Cinelerra is a “non-linear” video editor, which means that it shows you a time-line picture of your presentation, including your audio track. It's the audio track that's especially important! Each of your words shows up as a visible bump in the volume, which makes it really easy to put sentences back together again if, while recording, you made a mistake, paused, and then repeated the last few words again to get them correct.
Cinelerra does not actually alter your source video file. Each time you save your project, it just saves a tiny project.xml file listing the pieces of video and audio that you've clipped together on its timeline. This means that it's not wasting effort trying to modify your multi-gigabyte DV file; instead, it's just remembering which frames of the DV file should be rendered after all of your cutting and pasting are complete.
Because Cinelerra doesn't save any information inside of your video file, you can actually just delete the DV file when you're done using Cinelerra!
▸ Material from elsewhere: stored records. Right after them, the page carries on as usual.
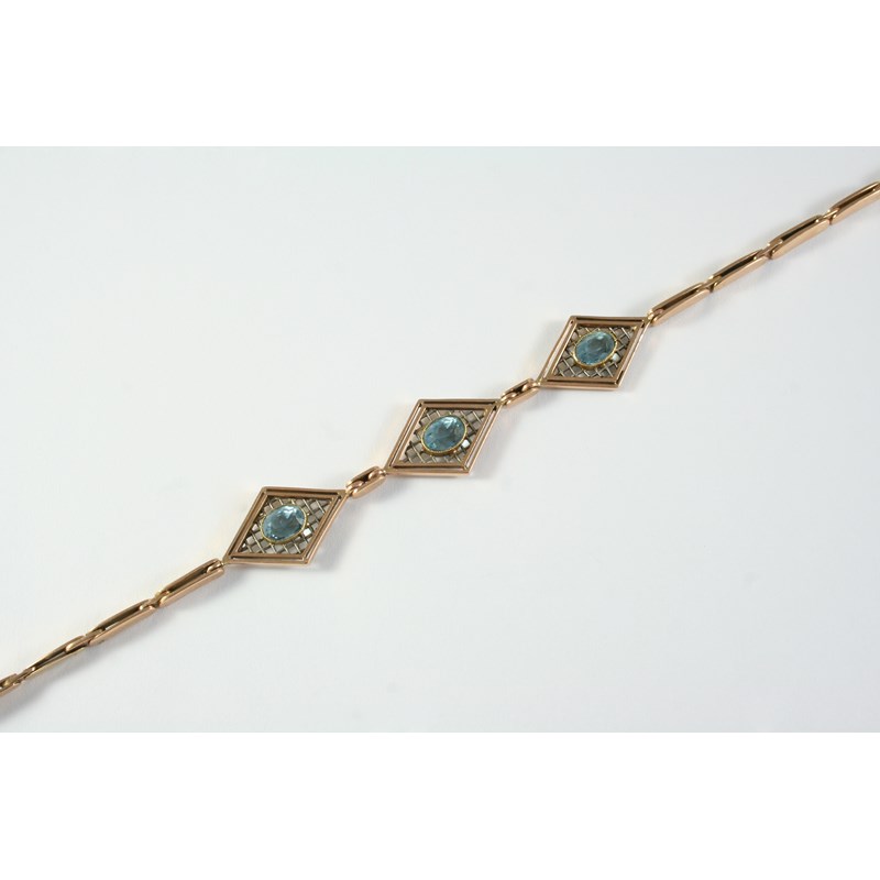 AN EARLY 20TH CENTURY AQUAMARINE AND GOLD BRACELET formed with three oval-shaped aquamarines in openwork mounts, on a 15ct. gold flexible bracelet, 20cm long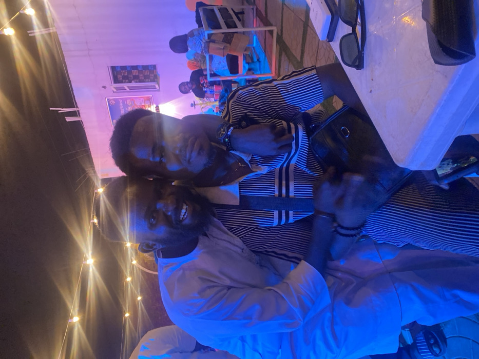Two men are posing for a picture. One man has a beard and is wearing a white shirt. He's smiling. The other man is wearing a striped shirt and has his hand over his mouth. Behind them are string lights, a white table with sunglasses and a black object on it, and other people in the background. The image is illuminated with blue and purple lighting.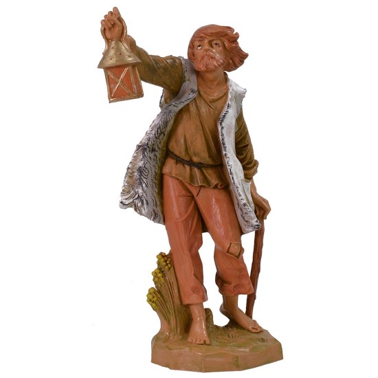 Vecchio con lanterna 19 cm Fontanini dipinto a mano. Le statue del presepe tradizionale Fontanini hanno volti espressivi e ben rifiniti nei dettagli.
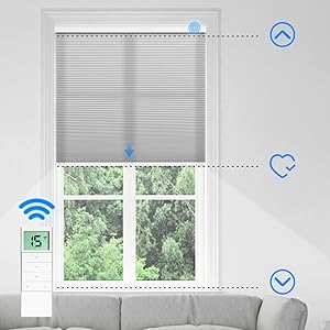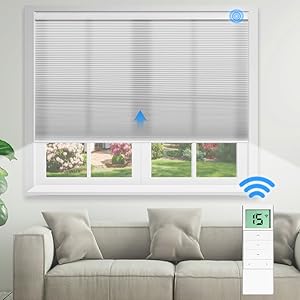 Made with 50%-80% blackout fabric, these motorized cellular shades filter natural light while maintaining privacy. The unique honeycomb-shaped fabric cells expand and contract as the shade is raised or lowered, providing energy efficiency, noise reduction, and UV protection. The cordless design ensures a safe environment for children and pets. Perfect for living rooms, bedrooms, kids' rooms, home offices, media rooms, and offices. For indoor use only.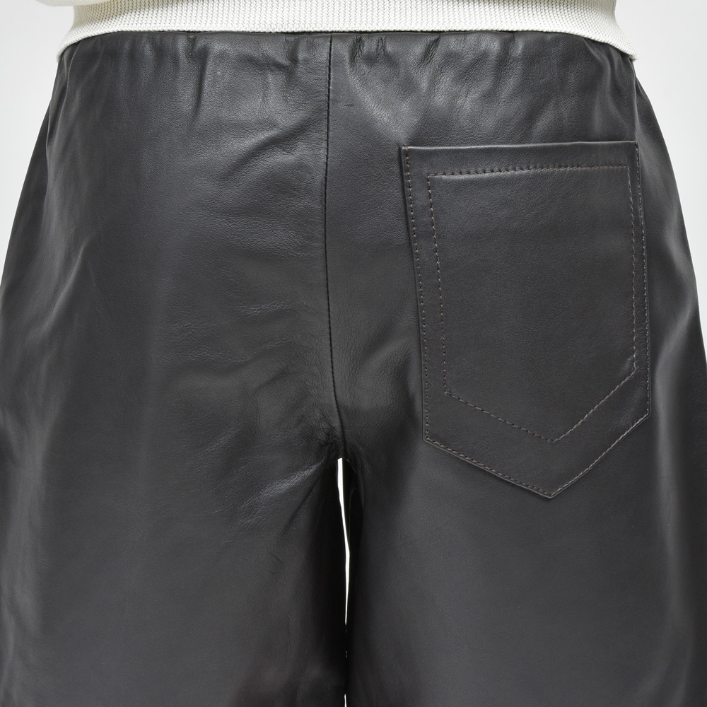 裾幅広めのたっぷりしたシルエット。ウエストはシャーリング。イージーですが、レザーという素材の特性上ピリッと決まっているように思います。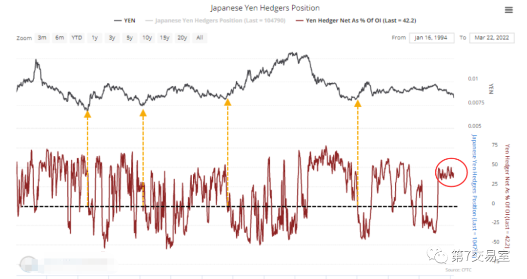From the perspective of hedging index, the hedging index of Japanese yen has shown a high net long position for more than two years,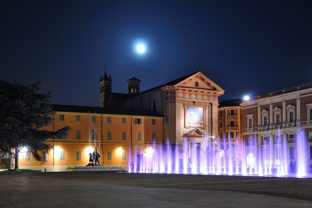 - Tornando nella parte più centrale, attraversando via Emilia, sul lato nord si trova quella che viene chiamata Piazza dei Teatri, che in realtà è l’insieme di più piazze (Piazza della Vittoria, Piazza Martiri del 7 Luglio, Piazza XXV Aprile) e vie su cui si affacciano i tre teatri della città: lo scenografico Teatro Municipale Valli, il Teatro Ariosto e il Teatro della Cavallerizza.

If you want the ability to do more editing in the future, just keep around your original Ogg/Theora file and the project.xml generated from Cinelerra, and you can always re-generate the DV file (with the command given above) and then re-run Cinelerra.

One hint: when Cinelerra starts, not only will its timeline window appear, but also a window for recording video off of a live camera. Close the recording window, which won't help you during editing, and use the “Windows” pull-down menu to open a “Compositor” window instead. It is the Compositor window that will let you see your presentation's video as you edit.

When you are done editing and are ready to have Cinelerra “render” the result to a new movie file, you are given a choice of output formats. I found that saving to yet another Ogg/Theora file gave the best results.

Mixing back down

Finally, before you submit your screencast to Google Video, or YouTube, or wherever, there are three final goals to be accomplished:

Convert it into a popular format that the hosting service will appreciate. Though Google Video can now process Ogg/Theora files, it seems to put ugly margins around them. I found that submitting the same data as an AVI file produced much more attractive results. (Not that Google Video has terribly good image quality either way!)
Adjust the resolution. Typically, you will want to reduce it from 720 pixels across to something more modest.
Finally, in my case the volume always needs to be adjusted; my microphone is very quiet. So, I ask for the volume to be increased so that my voice hovers around half of full volume. Listen to your result, and change this number to suit your own taste.

All three of these final goals are accomplished with a single command line:

mencoder cinelerra.ogg -vf scale=640:480 \
 -af volnorm=1:0.5 -ovc lavc -oac twolame \
 -o final.avi

The final.avi file is now ready to be posted on the Web!

I hope this helps someone through the frustrations of preparing a screencast themselves. I myself will be looking for more screencast topics in the near future, so that I can use all of this advice again myself. Good luck!